Тогда я впервые почувствовал, что что-то со мной не так. Я наблюдал за сверстниками, как они радостно поедают угощения, и пытался понять, почему у меня не возникает никакого желания сделать то же самое. Сначала я думал, что просто не голоден, но чем дольше длился праздник, тем больше меня начинало тревожить собственное поведение. Я испытывал голод, но не к той пище, которая была вокруг. Это было странно, но я не мог этого объяснить ни себе, ни кому-либо ещё.

Я помню, как один из детей уронил мороженое на землю и заплакал. Воспитатель тут же дал ему другое, а я просто смотрел на это и не мог понять, почему мне не хочется попробовать то же самое. Это чувство было странным, почти инстинктивным, как будто я был бы не в своём теле. Вдруг мой взгляд зацепился за человека, который проходил мимо нас по дорожке. Высокий мужчина с загорелой кожей, у которого на руке был небольшой порез. Крошечная капля крови стекала по его пальцу, и мне вдруг показалось, что я чувствую её запах.

Этот момент врезался мне в память. В тот день я не мог найти объяснения тому, что со мной происходило. Просто чувство, что я другой, не такой, как все вокруг. Тогда я ещё не знал, что это значит, но внутри зародилась тревога, которая больше никогда не оставиляла меня в покое.

Мама тоже была на празднике. Она держалась на расстоянии, непринуждённо разговаривая с другими родителями, но её взгляд то и дело возвращался ко мне.

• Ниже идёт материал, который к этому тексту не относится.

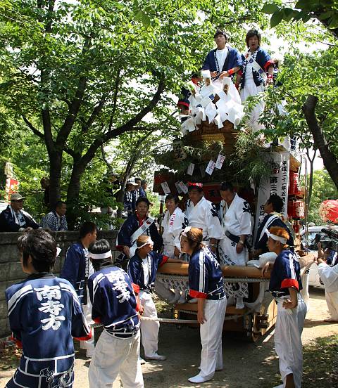 南寺方地車が公園に入ってきました。
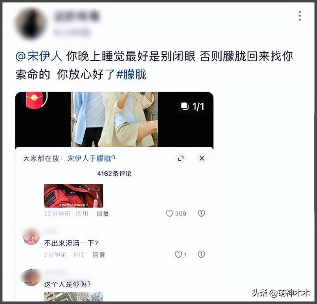 目前上述明星艺人评论区已经沦陷,宋伊人全平台评论区全都充斥着网友的质疑谩骂,甚至还有人跑到宋伊人妈妈评论区开麦,行为恶劣,让人不适。

Тогда я не осознавал, что она не просто наблюдает – она тревожится. Теперь, оглядываясь назад, я понимаю: мама сомневалась, но у неё не было выбора. Ей нужно было работать, а детский сад казался лучшим решением.

Она заранее предупредила воспитателей: у меня редкое генетическое заболевание, строгая диета, никакой еды из садика. Они выслушали, кивнули, заверили, что всё будет в порядке. Но с каждым днём их отношение менялось. Дети ели вместе, а я – нет. Сначала меня жалели, как «бедного больного ребёнка». Потом начали смотреть с недоумением, а кто-то – с раздражением. Я чувствовал это даже в пять лет. Чувствовал, но не понимал, что именно во мне не так.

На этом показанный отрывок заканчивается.